Accelsius closed a $65 million Series B funding round to accelerate deployment of its two-phase, direct-to-chip liquid cooling technology for AI and high-performance computing data centers. The round was led by Johnson Controls, with strategic investment from Legrand, underscoring growing demand for liquid cooling systems capable of supporting next-generation AI workloads at higher rack densities.

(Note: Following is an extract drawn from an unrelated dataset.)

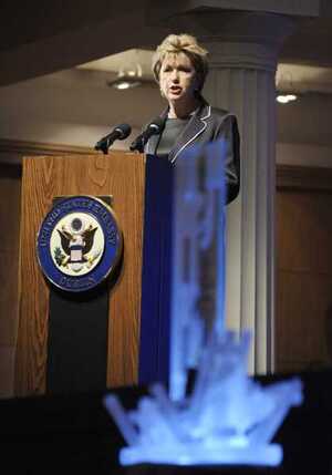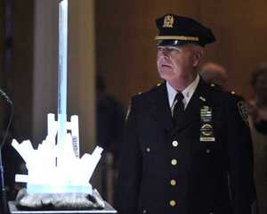 New York City police officer Lt. William Cosgrove this afternoon with ‘Miracle on Stairwell B’ by Sean Egan, presented to the NYPD by President Mary McAleese at a special 9/11 Ceremony at the RDS in Ballsbridge, Dublin 4.

The funding supports the rollout of Accelsius’ MR250, the company’s first row-based Coolant Distribution Unit, designed to scale two-phase, direct-to-chip cooling across AI and HPC environments. Accelsius reports that current IT racks can already reach 130 kilowatts, while air cooling can account for up to 40 percent of total data-center power consumption. Its NeuCool platform uses non-conductive fluids in closed loops to address these thermal constraints, targeting improved efficiency and lower operating costs compared with single-phase approaches.

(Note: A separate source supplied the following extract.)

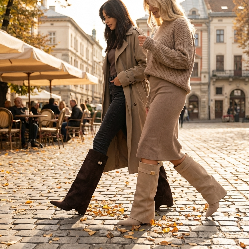 Suede Slouch Dames Laarzen – Trendy Hoge Laarzen
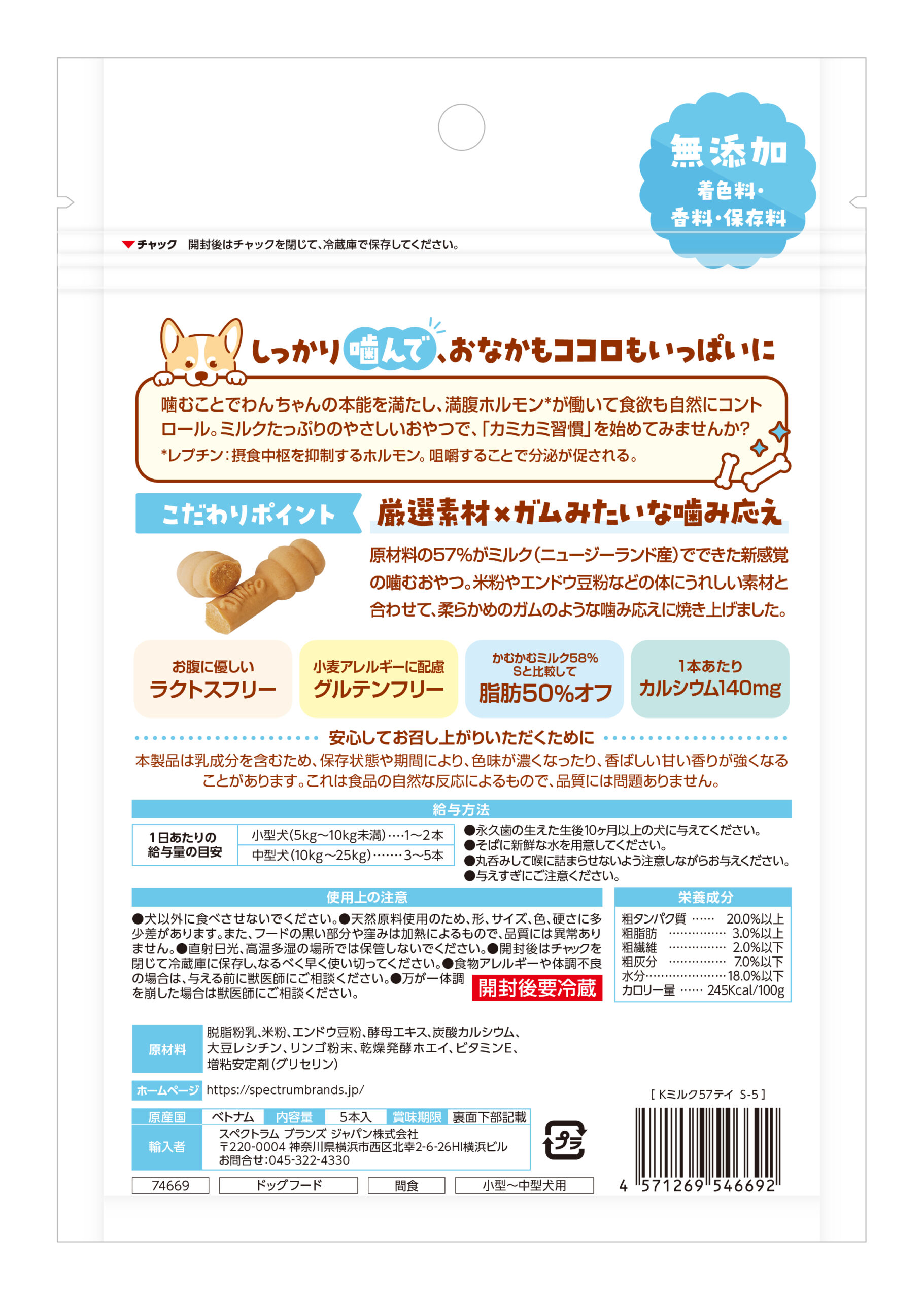 ディンゴ かむかむミルク57% 低脂肪 S 5本

Accelsius plans to use the Series B capital to expand manufacturing capacity in Austin, accelerate global market entry, and advance proprietary high-capacity thermal reference designs. The company is a member of the NVIDIA Inceptionprogram and recently announced an agreement to deploy NeuCool technology across a 300 MW campus for DarkNXin Ontario.
- Series B funding total: $65 million, led by Johnson Controls with participation from Legrand
- Product highlight: MR250 row-based CDU for two-phase, direct-to-chip cooling
- Target workloads: AI and high-performance computing at high rack densities
- Reported benefits: up to 35% OpEx savings versus single-phase D2C and 8–17% TCO savings
- Expansion plans: Austin manufacturing scale-up and global deployment
“We are witnessing the dawn of a new era in digital infrastructure, where the ‘AI Factory’ replaces the traditional data center,” said Josh Claman, Chief Executive Officer of Accelsius. “The investment from Johnson Controls and Legrand is about more than just capital; it signals accelerating adoption of two-phase approaches that deliver high-performing AI solutions with unmatched efficiency.”
🌐 Analysis
Strategic investments from established building and infrastructure suppliers signal tighter alignment between data-center mechanical systems and IT architecture as AI rack densities continue to rise. Accelsius’ focus on two-phase direct-to-chip cooling places it alongside a growing set of vendors targeting liquid-first designs, while competitors and hyperscalers increasingly evaluate standardized CDU reference architectures to support multi-hundred-megawatt AI campuses.